"The night began with my date slowing down only enough for me to jump into to his car. Without hesitation he announces, 'Hey, I didn't have time to shower, so I bought this,' proceeding to spray air-freshener behind my seat and inevitably all over me. (Lovely, New-Car scent, but I DID shower.)
He takes me to a local spot for some beer and tacos. Almost immediately he begins to burp- CONTINUOUSLY! I'm embarrassed because other customers are starting to notice. After a rather large release he announces, 'Oh, man.
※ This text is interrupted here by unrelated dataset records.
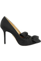 - Charlotte Olympia bow detailed satin pumps.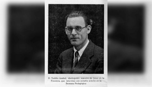 Este año se cumplen además cien años de su llegada a Jerez en octubre de 1925. En esa fecha llegaba a nuestra ciudad procedente de una escuela pública de Madrid un joven y entusiasta maestro de apenas 31 años nacido en Fuentelespino de Haro, un pequeño pueblo de la provincia de Cuenca, acompañado de su esposa, Evencia Pascual Achutegui, y de su hija Matilde, una pequeña de tres años a quien la generosa tierra de Jerez habría de acoger prematuramente a causa de la fatalidad de una grave enfermedad, cuando apenas tenía 14 años. Teófilo había solicitado destino en Jerez por motivos de salud, obteniendo, por permuta, una plaza como maestro de sección en la entonces llamada escuela Graduada de Niños nº 1 “Carmen Benítez”, enclavada en el conocido barrio de Santiago.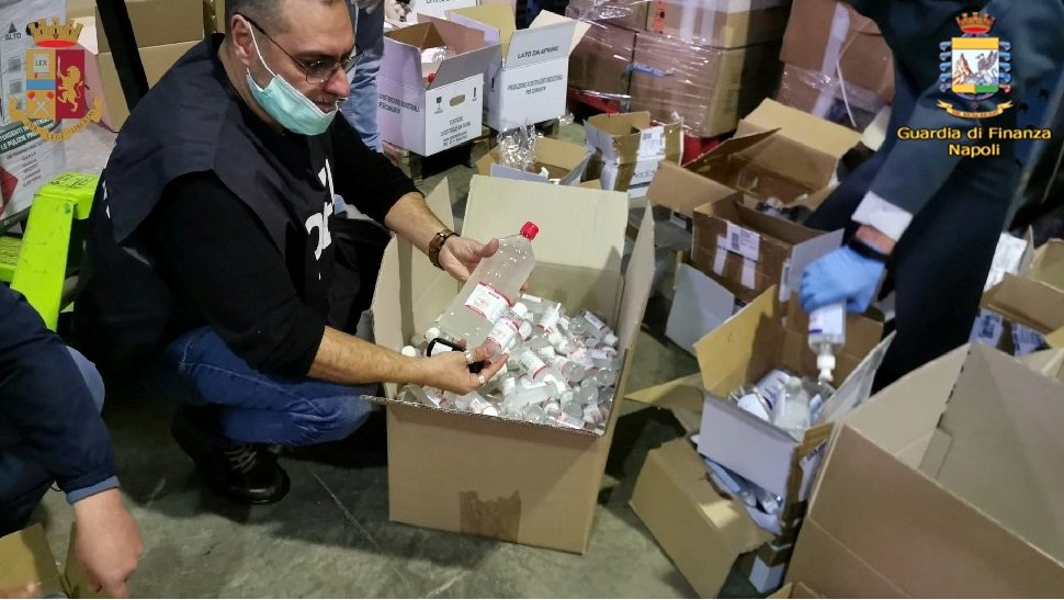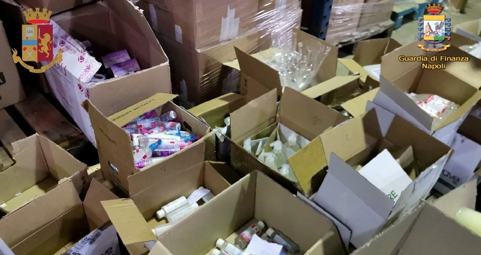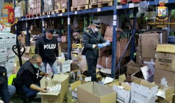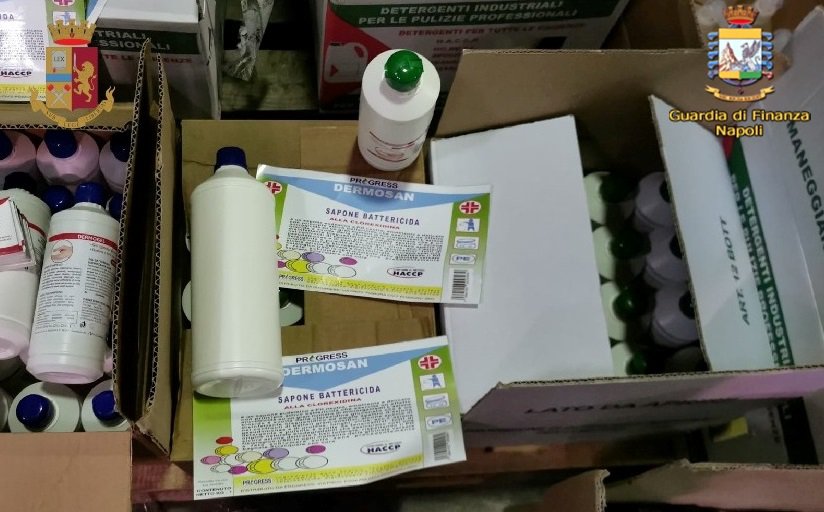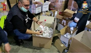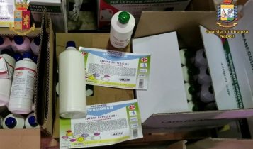Dopo essere entrati nella struttura, gli agenti hanno sorpreso tre persone impegnate nell’attività di confezionamento di un gel igienizzante/disinfettante per le mani ed hanno trovato numerose scatole di prodotti già realizzati ed altre contenenti flaconi vuoti ed etichette nonché 25 taniche di candeggina da 5 litri utilizzate per la realizzazione del prodotto.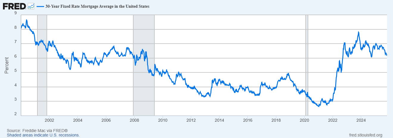 ![Freddie Mac, 30-Year Fixed Rate Mortgage Average in the United States [MORTGAGE30US], retrieved from FRED, Federal Reserve Bank of St. Louis; November 1, 2025](https://drduru.com/onetwentytwo/wp-content/uploads/2025/11/20251101_30-Year-Fixed-Rate-Mortgage-Average-in-the-United-States.png)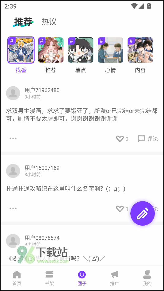 3、在圈子界面下,我们能够参与到漫画聊天过程中去,可以催更作者。
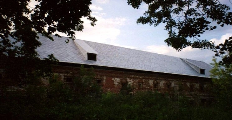 На представленной фотографии запечатлено одно из хозяйственных строений Феодоровского женского монастыря, расположенного в древнем граде Переславле-Залесском. Кирпичное здание, предположительно амбар или братский корпус, демонстрирует характерную для монастырских подворий архитектуру XVII-XVIII столетий. Несмотря на почтенный возраст класки, свидетельствующей о многовековой истории святой обители, строение содержится в должном порядке, о чём говорит новая светлая кровля, бережно укрывающая его от непогод.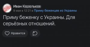 В социальных сетях появилось много объявлений от жителей Москвы и области, которые решили с помощью спецоперации (точнее, ее последствий) наладить личную жизнь или быт. Так, мужчины региона прямым текстом пишут, что готовы принять беженку с Украины «для серьезных отношений».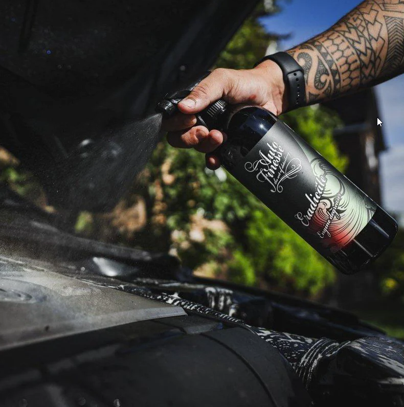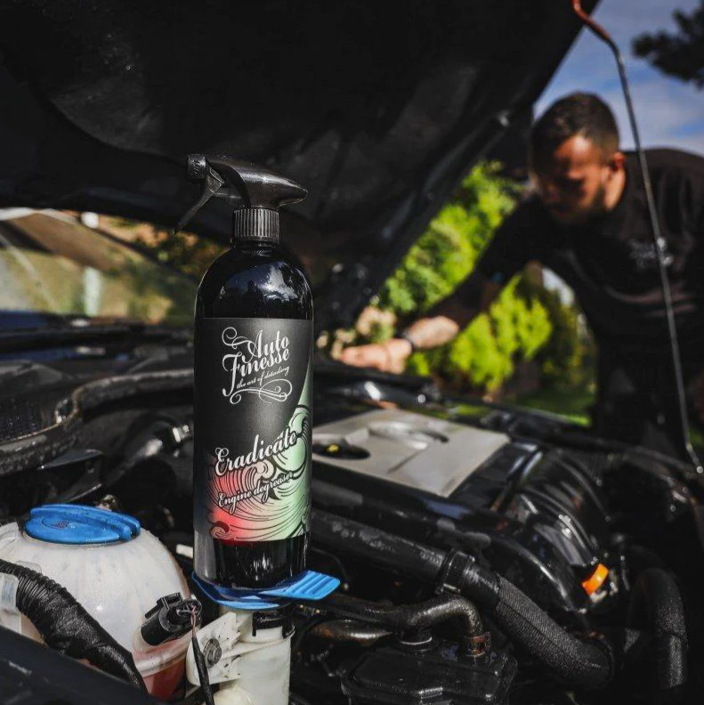 Az Auto Finesse Eradicate Engine Degreaser egy 1 l térfogatú mélytisztító a motorokhoz és a motorterekhez.Az Eradicate a zsíros és ráégett út szennyeződéseinek hatékony mélytisztítására lett kifejlesztve, amely gyakorlatilag az egész autón csak a motorháztető alatt található. . Az Eradicate egy erősen habzó zsíroldó, amely minden felületen használható, mint például fém, műanyag, gumi, festék, stb. Tisztítóképessége miatt kiválóan alkalmas kerékvetők vagy ajtók mögötti területek tisztítására is. Mint minden Auto Finesse termék, az Eradicate is egy professzionális termék, amelyet tapasztalt részletezőknek terveztek. Nagy hatékonyságának és könnyű felvitelének köszönhetően még egy kezdő is nagyszerű eredményeket érhet el ezzel a termékkel.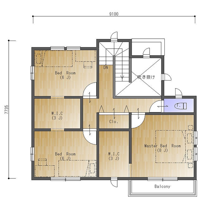 二階は三部屋。8畳の主寝室には3畳のウォークインクローゼットがあり収納も十分。
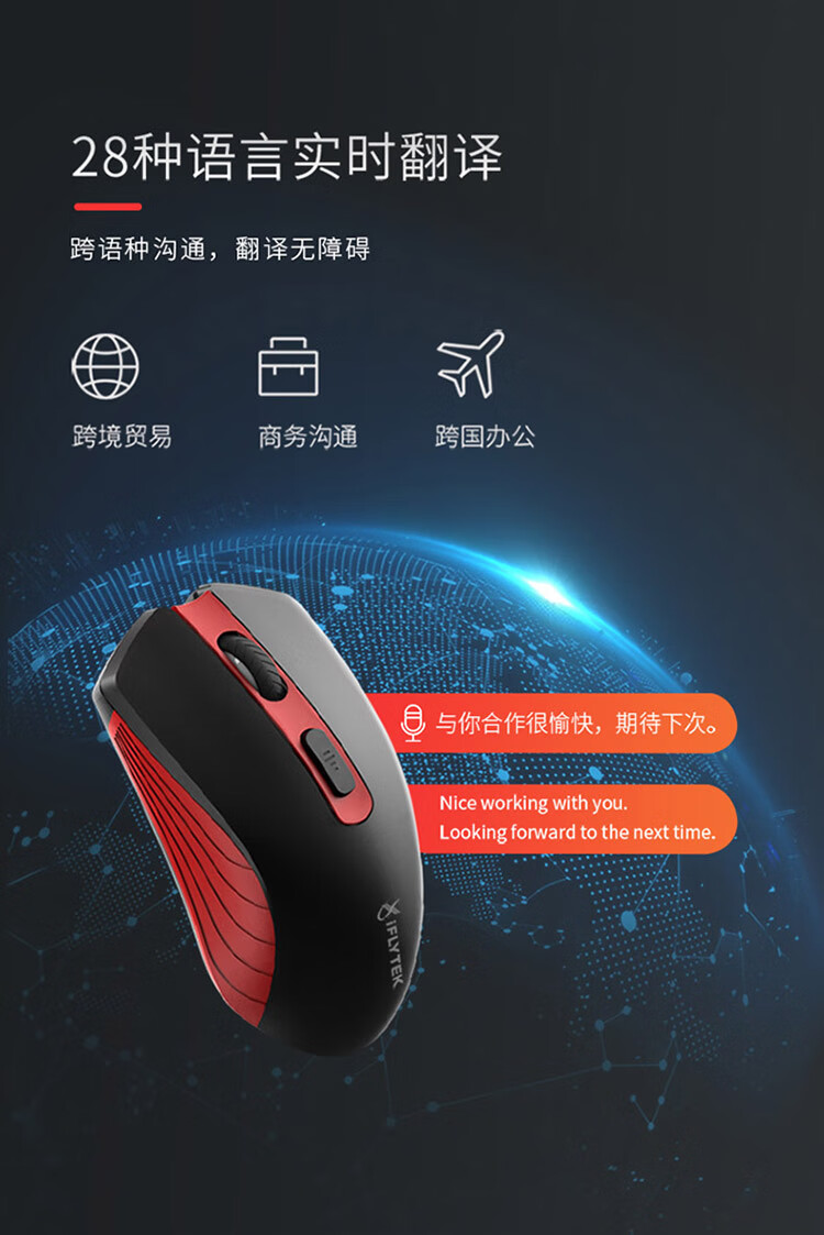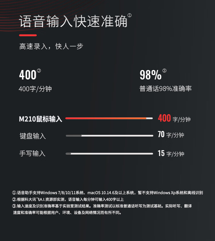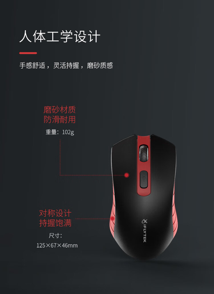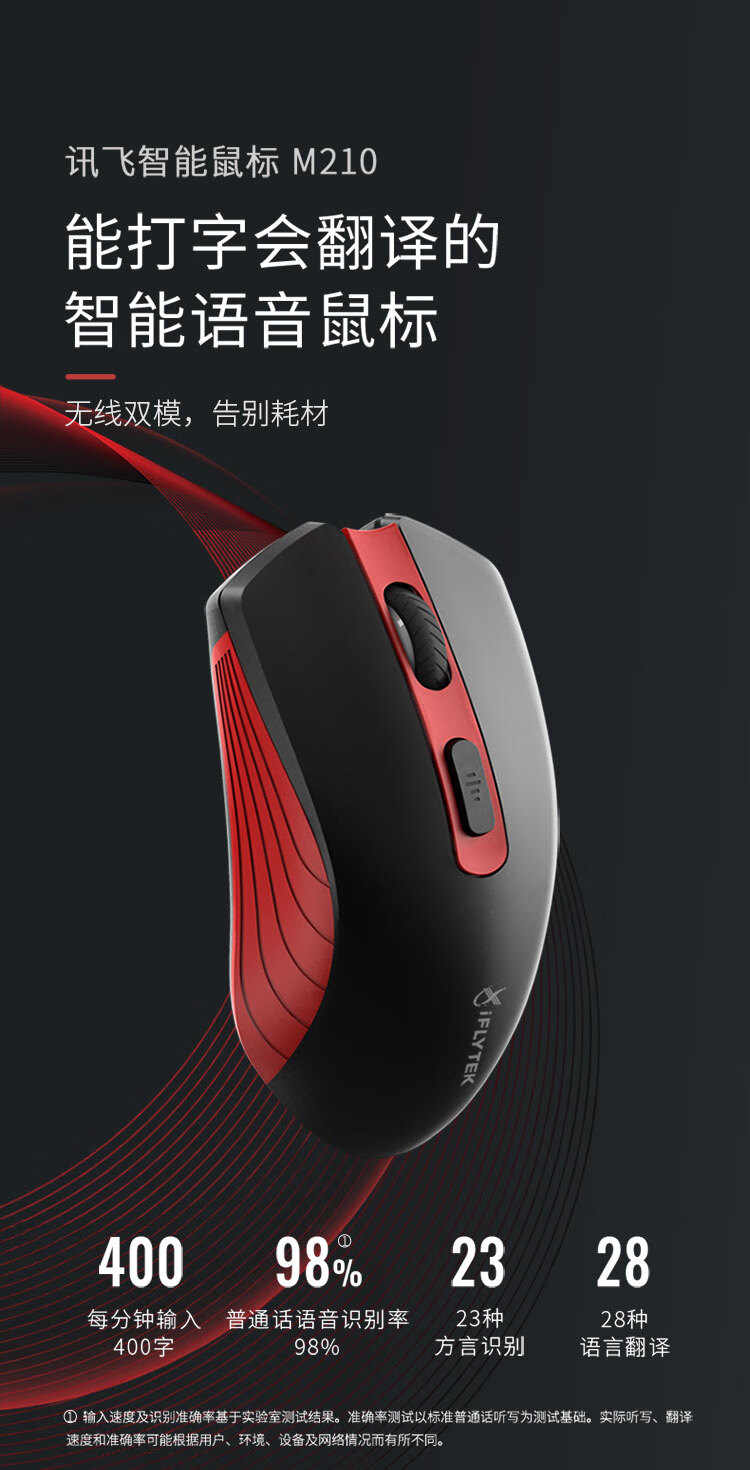 科大讯飞无线蓝牙鼠标M210 办公鼠标 无线外设 人体工学鼠标 舒适握感 智能语音输入打字翻译 黑红

Beer gives me gas.'
Apparently that is not all it does; I endured stories of the previous night where his primary objective was to get his boss's daughter drunk and hit on her, how stupid cops are, how he's 'SO in [my pants]' (no way!), insulting questions of 'Am I pregnant?' (If I was, he'd 'take Shorty home STAT') AND, "Am I infertile?!" (sooo not appropriate!)
Insanely, the date continued, where he whisked us off to a not-so-romantic evening viewing of 'Star Wars.' He pouted when we got crappy seats and yelled multiple times at the screen during the movie. I couldn't sink lower in my chair if I tried!
I practically ran from the car as he yelled out the sun roof, 'Call me sometime!'
LESSON ONE: The man in the elevator at the gynecologist's office IS creepy! STAY HOME!"
-Gayle W. in Costa Mesa, CA
LOL, I bet you thought THAT was my date! This is the first installment of "Worst Dates" for all my single girl readers. Feel free to comment, if you can relate!
If it were me, I would've called it a night after the beer-burping incident and comments about being so-into my pants. I have to admit, the story is hilarious. Think she called him?